# No Krausen



## Schiraboy (10/4/10)

Hi, i'm not sure if this is a big concern, but i've had my beer in the carboy for 5 days now, and there isn't the slightest bit of krausen forming. In my previous brews i've done, i would notice tiny bubbles constantly floating towards the top, and krausen (foam) on the top, but this time, there's neither. The only normal thing i've noticed, is sediment forming on the bottom. 
Some of you may have seen my previous topic from monday (when i transfered the beer into the carboy), that was titled "watered down", where i was concerned that my beer wouldn't turn out because i topped the carboy up with about 2 L of water. I take it this is probably why it's not forming any krausen? Will it just take a little bit longer because of the extra water? or is this a really bad sign.


----------



## manticle (10/4/10)

Is the gravity dropping?


----------



## Schiraboy (11/4/10)

Original Gravity of 1.050. Left in primary fermenter for 4 days. On the 4th day (Monday) it was 1.018 when i first racked it into carboy. Then, after i added the 2 L of water, it went down to 1.013, and today i just checked it, and it was 1.012. It may have been sitting in the same spot on the hydrometer on monday, and i just figured it was 1.013, and today decided it looked more like 1.012. Being that it's so close, i'm not sure if the gravity has even gone down since monday.


----------



## warra48 (11/4/10)

Which yeast are you using?

To get from 1.050 to 1.012 gives an apparent attenuation of 76%, which is well withing the range of many yeasts. You may be close to done, if not already there.


----------



## jiesu (11/4/10)

Schira said:


> Original Gravity of 1.050. Left in primary fermenter for 4 days. On the 4th day (Monday) it was 1.018 when i first racked it into carboy.
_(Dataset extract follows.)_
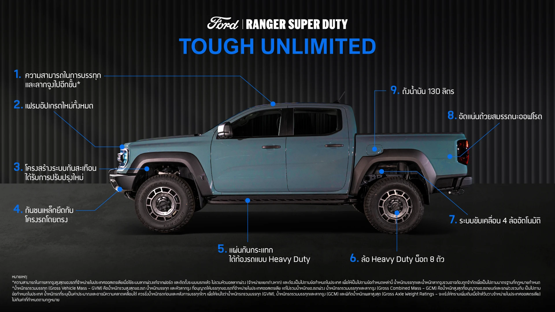 2 ความสามารถในการลากจูงสูงสุดของรถที่จำหน่ายในประเทศออสเตรเลียเมื่อใช้ระบบลากพ่วงแท้จากฟอร์ด และติดตั้งระบบเบรกแล้ว ไม่รวมหัวบอลลากพ่วง (จำหน่ายแยกต่างหาก) และต้องเป็นไปตามข้อกำหนดในประเทศ เพื่อให้เป็นไปตามข้อกำหนดเหล่านี้ น้ำหนักบรรทุกและน้ำหนักลากจูงรวม อาจต้องถูกจำกัดเพื่อเป็นไปตามมาตรฐานที่กฎหมายกำหนด น้ำหนักรถรวมบรรทุก (Gross Vehicle Mass - GVM) คือน้ำหนักรวมสูงสุดของรถ น้ำหนักบรรทุก และหัวลากจูง ที่อนุญาตให้บรรทุกของรถที่จำหน่ายในประเทศออสเตรเลีย แต่ไม่รวมน้ำหนักของรถพ่วง น้ำหนักรถรวมบรรทุกและลากจูง (Gross Combined Mass - GCM) คือน้ำหนักสูงสุดที่อนุญาตของรถยนต์และรถพ่วงรวมกัน เป็นไปตามข้อกำหนดในประเทศ น้ำหนักรถที่ระบุเป็นค่าประมาณและอาจมีความคลาดเคลื่อนได้ ควรชั่งน้ำหนักรถก่อนและหลังการบรรทุกใดๆ เพื่อให้แน่ใจว่าน้ำหนักรถรวมบรรทุก (GVM), น้ำหนักรถรวมบรรทุกและลากจูง (GCM) และพิกัดน้ำหนักเพลาสูงสุด (Gross Axle Weight Ratings - จะแจ้งให้ทราบเพิ่มเติมเมื่อใกล้วันวางจำหน่ายในประเทศไทย ไม่เกินค่าที่กำหนดตามกฎหมาย

Slow down buddy. Whats the rush? Every piece of advice i have found always suggests you should have a constant gravity for three successive days before you start moving your wort/beer around 
for conditioning and bottling etc. Just to make sure the yeast does all it can do. The only reason not to do this would be to intentionally stop the fermentation to allow for some lingering sweetness. I know 
some the ginger beer boys have done it. 

Why have you racked to a secondary carboy? Did you want to condition it in the secondary? Or have you gone straight to the bottle? If so make sure you cover your bottles and put them in the laundry because their is a good chance you could have some bottle bombs. 
Also did you use a kit, extract or go AG? I would imagine that kit yeasts would be less likely to form a strong krausen.


----------



## Sydneybrewer (11/4/10)

first time i used wyeast 1272 it did not from a krausen at all and i was really worried but like you said the gravity kept dropping and the sediment was forming at the bottom quite prominently, and it turned out to be a great beer. as long as you get consistent fg readings for 3 days i would say shes ready. also what temp is yours at, mine was at 18 degrees.


----------



## Schiraboy (11/4/10)

I am using a "Brew House - American Premium Lager" Kit, with Coopers yeast. (I misplaced the empty package, so i don't have the exact details of the yeast; all i remember is that it's coopers. 
The directions said to leave it in primary fermenter for 3-5 days, then rack it into secondary carboy for about 10 days.. (making sure it has a consistant FG for at least 3 days before bottling.) 
I started this brew on april 1st, racked it into the carboy 4 days later (april 5th). Do you think being the gravity is not doing anything, it's ready to bottle? Even though it says to wait for 10 days?


----------



## zabond (11/4/10)

if you racked off the trub after 4 days then you have racked off most of the yeast, therefore not much further fermentation will take place,you are suposed to take readings for 3 days constant fg when brew is in primary fermentor then rack to 2nd


----------



## paulwolf350 (11/4/10)

Firstly, #1 Rule - Forget what the kit instructions say. You want to work in a gravity based timeframe, not a days (or time). You should leave it in primary till the gravity hits your Final gravity target, or is same for three days.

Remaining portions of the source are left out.